Considered a four-star recruit by Rivals.com, he was rated as the ninth best dual-threat quarterback prospect of his class. On June 11, 2013, Kizer announced his commitment to play college football at the University of Notre Dame.

College career
Kizer redshirted his first year at Notre Dame in 2014 behind quarterbacks Everett Golson and Malik Zaire.

Kizer started 2015 as a backup to Zaire. On September 5, in the season opener, he made his collegiate debut against Texas in relief of Zaire in the 38–3 victory. During the second game of the season against Virginia, Kizer replaced an injured Zaire and helped lead Notre Dame to a victory. With 12 seconds left, Kizer completed a 39-yard touchdown pass to wide receiver Will Fuller to give Notre Dame the lead. After it was announced that Zaire would miss the rest of the season, Kizer was named the starter. On October 3, in a 24–22 loss to Clemson, he passed for a season-high 321 yards, two touchdowns, and one interception while having 15 carries for 60 yards and a rushing touchdown. Against Pitt, Kizer accounted for all six touchdowns (five passing and one rushing) helping Notre Dame to a 42–30 victory. On Halloween, in a 24–20 win over Temple, he recorded 299 passing yards, one touchdown, and two interceptions, and had a stellar night on the ground with 143 rushing yards and two rushing touchdowns. Kizer and the Fighting Irish finished the 2015 regular season with a 10–2 record. On New Year's Day, Kizer and the Fighting Irish closed out their 2015 season with a 44–28 loss to Ohio State in the Fiesta Bowl. In the loss, he had 284 passing yards, two touchdowns, one interception while adding 21 rushing yards and a rushing touchdown on the ground. Overall in 2015, Kizer finished his redshirt first year with 2,880 passing yards, 525 rushing yards, and 31 total touchdowns in 13 games.

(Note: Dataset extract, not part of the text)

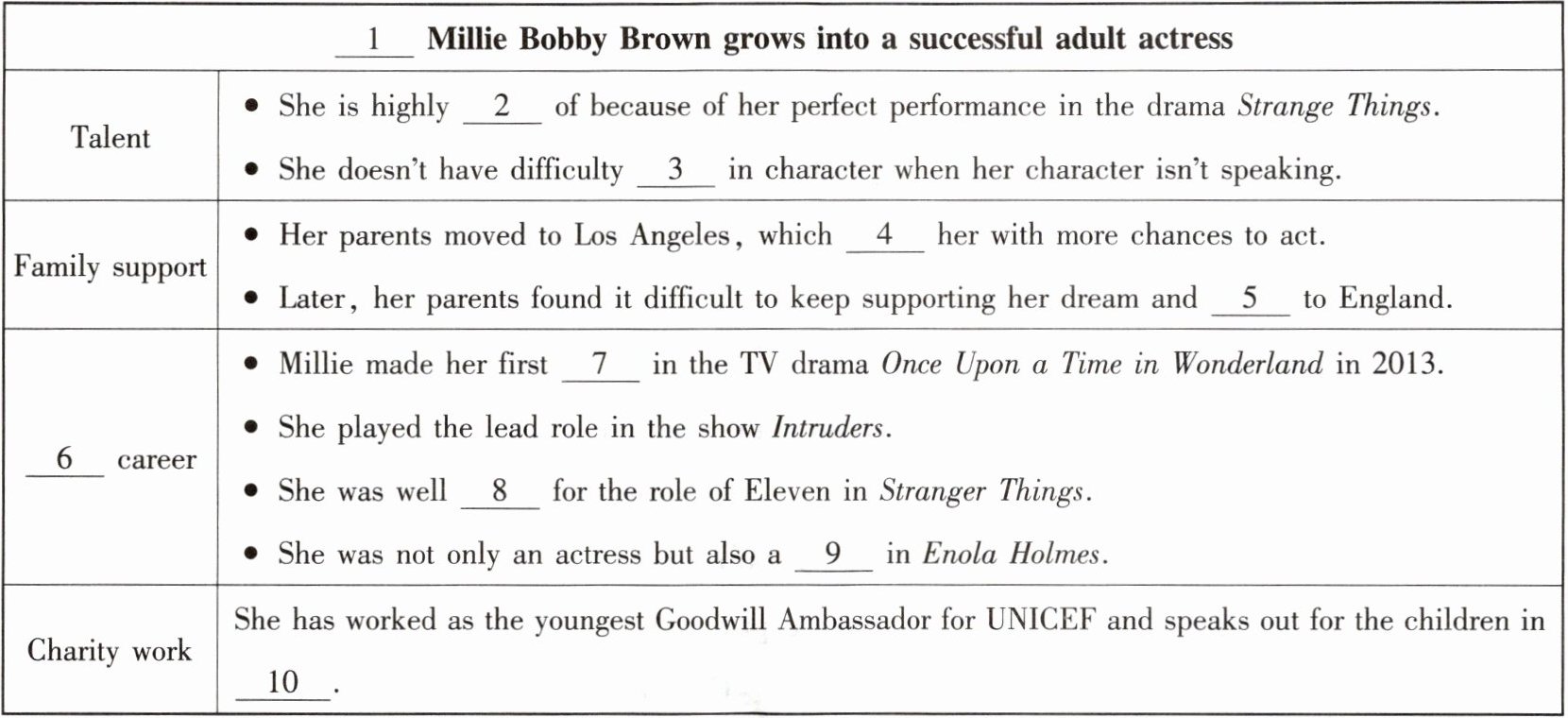 | Family support | • Her parents moved to Los Angeles, which 4 her with more chances to act. • Later, her parents found it difficult to keep supporting her dream and 5 to England. |

Kizer started off the 2016 season with 215 passing yards, five passing touchdowns, 77 rushing yards, and a rushing touchdown in a 2OT 50–47 loss to Texas at Darrell K Royal–Texas Memorial Stadium. After a victory over Nevada, he had 344 passing yards, two passing touchdowns, 14 rushing yards, and two rushing touchdowns in a 36–28 loss to Michigan State. After a loss to Duke, he had a career day through the air with 471 yards and three touchdowns in a 50–33 win over Syracuse. He put together some solid performances over the rest of the season, but the team faltered and ended up with a 4–8 record. Kizer played 12 games with 2,925 passing yards, 472 rushing yards, and 34 total touchdowns. After the 2016 season, Kizer decided to forgo the remaining two years of eligibility and enter the 2017 NFL Draft.

College statistics

Professional career
Kizer received an invitation to the NFL Combine and completed all of the combine drills except for the bench press. He also performed positional drills, but had a disappointing performance. He also participated at Notre Dame's Pro Day and only ran positional drills in front of team scouts and representatives, including San Francisco 49ers general manager John Lynch and Pittsburgh Steelers offensive coordinator Todd Haley. Kizer completed 50/60 pass attempts and showed significantly better accuracy and footwork at his pro day. NFL draft experts and analysts projected him to be a first or second round pick. He was ranked the second best quarterback in the draft by NFL analyst Bucky Brooks, the third best quarterback by NFLDraftScout.com and Sports Illustrated, and was ranked the fourth best quarterback by NFL Network analyst Mike Mayock.

Cleveland Browns

The Cleveland Browns selected Kizer in the second round (52nd overall) of the 2017 NFL Draft. He was the fourth quarterback selected and first taken in the second round. On June 14, 2017, the Browns signed Kizer to a four-year, $4.94 million contract that includes $2.42 million guaranteed and a signing bonus of $1.73 million. On August 27, 2017, following the team's third preseason game, the Browns named Kizer as the starting quarterback to begin the 2017 regular season, beating out veteran trade acquisition Brock Osweiler and second-year quarterbacks Cody Kessler and Kevin Hogan.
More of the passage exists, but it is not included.